In the early 1990’s, an elderly widow by the name of Vera Coking was in the way. Coking’s home that she had lived in for 30 years was on a plot of land that the Donald coveted. The Donald wanted the property so he could add a limousine parking area to one of his Atlantic City casinos. When Coking turned down his $1 million offer to buy the property, the Donald decided to enlist the help of his goons on the New Jersey Casino Reinvestment Authority. In 1994, these government thugs filed a lawsuit to take Coking’s property for $251,000 and gave her 90 days to leave her property (if she were to stay beyond the 90 days, men in uniforms with guns would forcibly remove her from her home).

Fortunately, Coking’s case gained enough media publicity to gain the attention and help of The Institute for Justice (think a more libertarian ACLU with a focus on property rights). With the IJ’s help, Coking was able to keep her property. In 1998, a judge made a decision that turned out to be final finding that the Donald’s limousine parking area was not a “public use.”

John Stossel confronted the Donald about his failed attempts to take the widow’s home away; he reprinted this exchange in his book Give Me A Break on pages 152 and 153:

Donald Trump: Do you want to live in a city where you can’t build roads or highways or have access to hospitals? Condemnation is a necessary evil.

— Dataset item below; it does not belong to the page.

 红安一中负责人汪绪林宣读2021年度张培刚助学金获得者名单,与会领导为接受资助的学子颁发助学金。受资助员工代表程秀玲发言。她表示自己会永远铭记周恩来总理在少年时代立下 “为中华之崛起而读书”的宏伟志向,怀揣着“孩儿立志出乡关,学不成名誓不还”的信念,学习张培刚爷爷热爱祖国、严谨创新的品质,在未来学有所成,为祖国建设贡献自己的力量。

John Stossel: But we’re not talking about a hospital. This is a building a rich guy finds ugly.

Donald Trump: You’re talking about at the tip of this city, lies a little group of terrible, terrible tenements – just terrible stuff, tenement housing.

John Stossel: So what!

Donald Trump: So what?…Atlantic City does a lot less business, and senior citizens get a lot less money and a lot less taxes and a lot less this and that.

Earlier in the book (page 25) Stossel gives his impressions of this confrontational interview:

Donald Trump was offended when I called him a bully for trying to force an old lady out of her house to make more room for his Atlantic City casino. After the interview, the producer stayed behind to pack up our equipment. Trump came back into the room, puffed himself up, and started blustering, “Nobody talks to me that way!”

Well, someone should.

Had this case taken place after Kelo, the Donald may well have prevailed. In the wake of the Kelo decision, Neil Cavuto interviewed the Donald on Fox News (7/19/05) to get his reaction.

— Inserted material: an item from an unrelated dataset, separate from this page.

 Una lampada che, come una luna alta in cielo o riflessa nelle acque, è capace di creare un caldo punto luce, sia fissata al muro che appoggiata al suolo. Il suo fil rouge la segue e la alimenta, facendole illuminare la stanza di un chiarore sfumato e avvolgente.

I happen to agree with [the Kelo decision] 100 percent, not that I would want to use it. But the fact is, if you have a person living in an area that’s not even necessarily a good area, and government, whether it’s local or whatever, government wants to build a tremendous economic development, where a lot of people are going to be put to work and make area that’s not good into a good area, and move the person that’s living there into a better place — now, I know it might not be their choice — but move the person to a better place and yet create thousands upon thousands of jobs and beautification and lots of other things, I think it happens to be good.

Donald Trump is not one who respects property rights (other than his own). “Tremendous economic development” and “jobs” are great reasons to employ the full police power of government to take away someone’s property in the Donald’s world view.

I shudder to think of what a Donald Trump presidency would look like. Imagine the Donald with control of our CIA and our military. The Donald doesn’t have any problem using force to get what the Donald wants.

Now consider President Trump with a vacancy on the U.S. Supreme Court. What sort of Justice would he appoint? Most likely one who would view Kelo quite favorably.

This bully, Donald Trump is the guy who is polling second place in some early Republican primary polls? Wake the hell up Republicans!